His tone was apologetic, but she understood too well how it had been. Life seemed so very long and so very full of chances to a teenager. In a large, global sense, of course she’d understood that kids could die, but in the sense that mattered—her own intimate world—it had never happened. She couldn’t die. Her friends couldn’t. It had been a worst-case scenario sort of thing. She was young, and life went on forever.
And then she’d found herself living the worst-case scenario, up close and damned personal.
“It’s not too late,” she said. “To learn the culture and heritage and language. As long as you’re breathing, it’s never too late.”
Ben’s smile was wistful. “You sure about that?”
“Scout’s honor,” she replied, holding three fingers in the air.

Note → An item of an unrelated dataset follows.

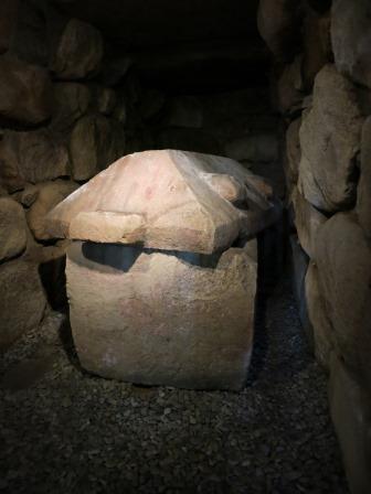 街道に面した山道を登っていくと、甲山古墳がある。ここは標高110mの丘陵先端に造られた6世紀前半の円墳で、直径約30m、高さ10mで、横穴式石室がある。 石室の手前まで穴を進むと柵があり、その奥には、長さ2.6m、幅1.6m、高さやく2mの石棺が納められている。 |

“Aw, you were never a scout, were you?”
“Okay, soldier’s honor.” Lowering her hand, she looked around. The cemetery was at the end of a bumpy red-dirt road, set among oaks and red cedars, surrounded by a wire fence that sagged in places. There wasn’t a sign to identify it. The people with loved ones buried there were probably the only ones who remembered its existence. Shade from the trees kept the grass and weeds to a minimum, and birds in the branches provided music, the only sound to break the stillness besides the occasional rustle of the wind and a bark or two from Sadie, waiting beside the car.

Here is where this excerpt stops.